Speeding up the universe using dust with pressure

TL;DR

This paper proposes a modified cosmological model where matter with pressure mimics dark energy, using scalar fields and symmetry breaking, leading to a negative pressure that aligns with observations and predicts dark matter candidates in the TeV range.

Contribution

It introduces a scalar field Lagrangian with a Lagrange multiplier and symmetry breaking to model pressure in matter, addressing the cosmological constant problem and the coincidence problem.

Findings

Negative pressure arises naturally from the model without dark energy.

Numerical bounds match current cosmological observations.
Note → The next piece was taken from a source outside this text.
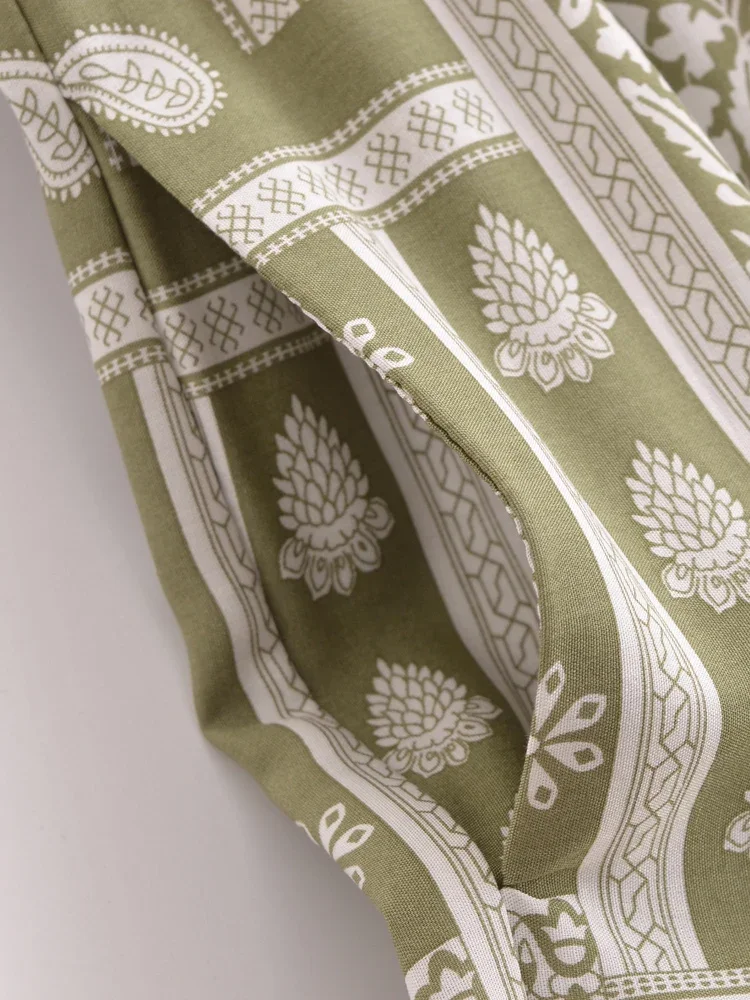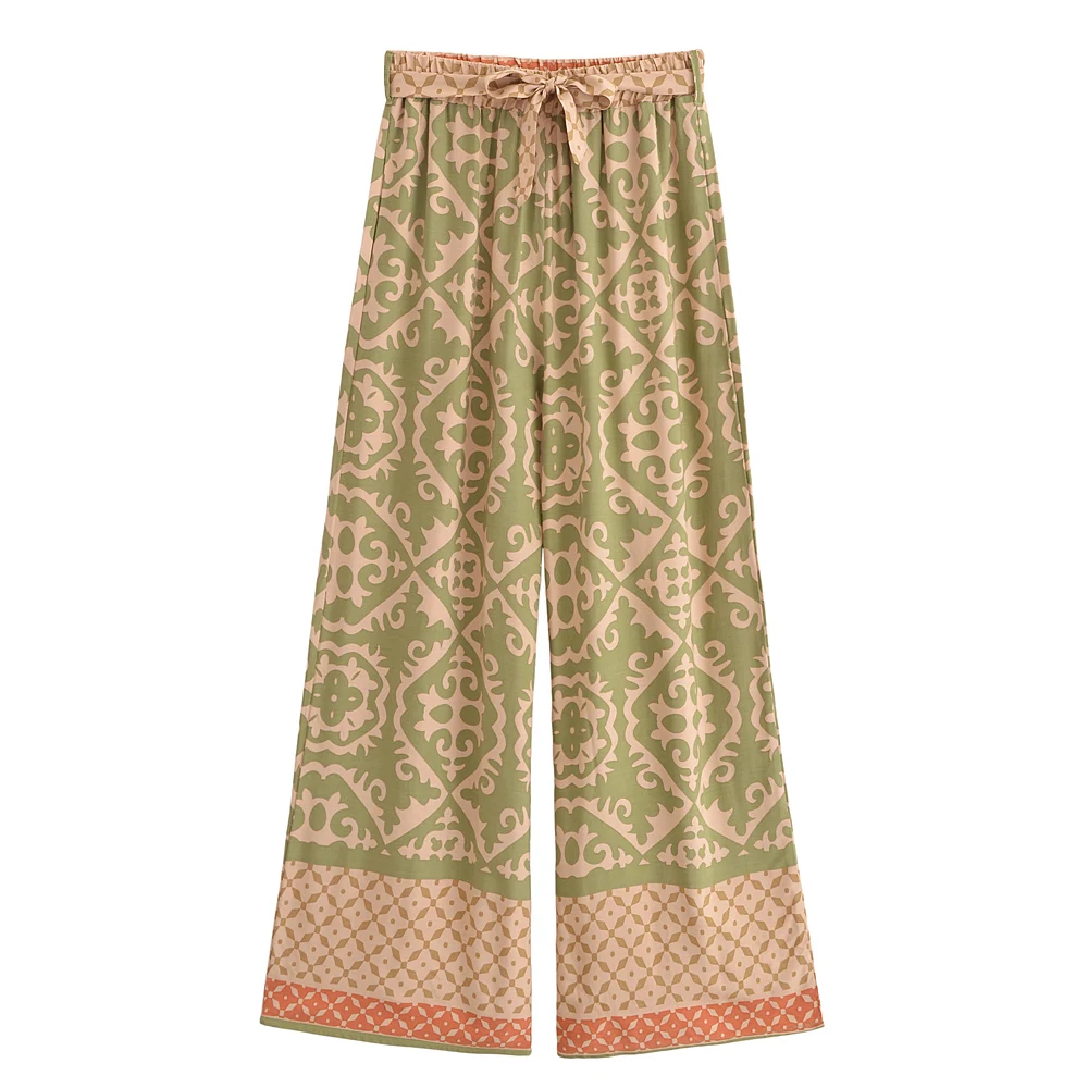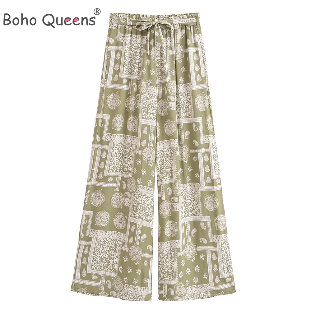 Boho Queens Fashion Women Geometric Floral Print Wide Leg Bohemian Pants with Pockets Lady Loose Rayon Boho Pant Trousers

Predicted dark matter particle masses are in the 0.5-1.7 TeV range.

Abstract

We revise the cosmological standard model presuming that matter, i.e. baryons and cold dark matter, exhibits a non-vanishing pressure mimicking the cosmological constant effects. In particular, we propose a scalar field Lagrangian $\mathcal L_1$ for matter with the introduction of a Lagrange multiplier as constraint. We also add a symmetry breaking effective potential accounting for the classical cosmological constant problem, by adding a second Lagrangian $\mathcal{L}_2$. Investigating the Noether current due to the shift symmetry on the scalar field, $\varphi\rightarrow\varphi+c^0$, we show that $\mathcal{L}_1$ turns out to be independent from the scalar field $\varphi$. Further we find that a positive Helmotz free-energy naturally leads to a negative pressure without introducing by hand any dark energy term. To face out the fine-tuning problem, we investigate two phases: before and after transition due to the symmetry breaking. We propose that during transition dark matter cancels out the quantum field vacuum energy effects. This process leads to a negative and constant pressure whose magnitude is determined by baryons only. The numerical bounds over the pressure and matter densities are in agreement with current observations, alleviating the coincidence problem. Finally assuming a thermal equilibrium between the bath and our effective fluid, we estimate the mass of the dark matter candidate. Our numerical outcomes seem to be compatible with recent predictions on WIMP masses, for fixed spin and temperature. In particular, we predict possible candidates whose masses span in the range $0.5-1.7$ TeV.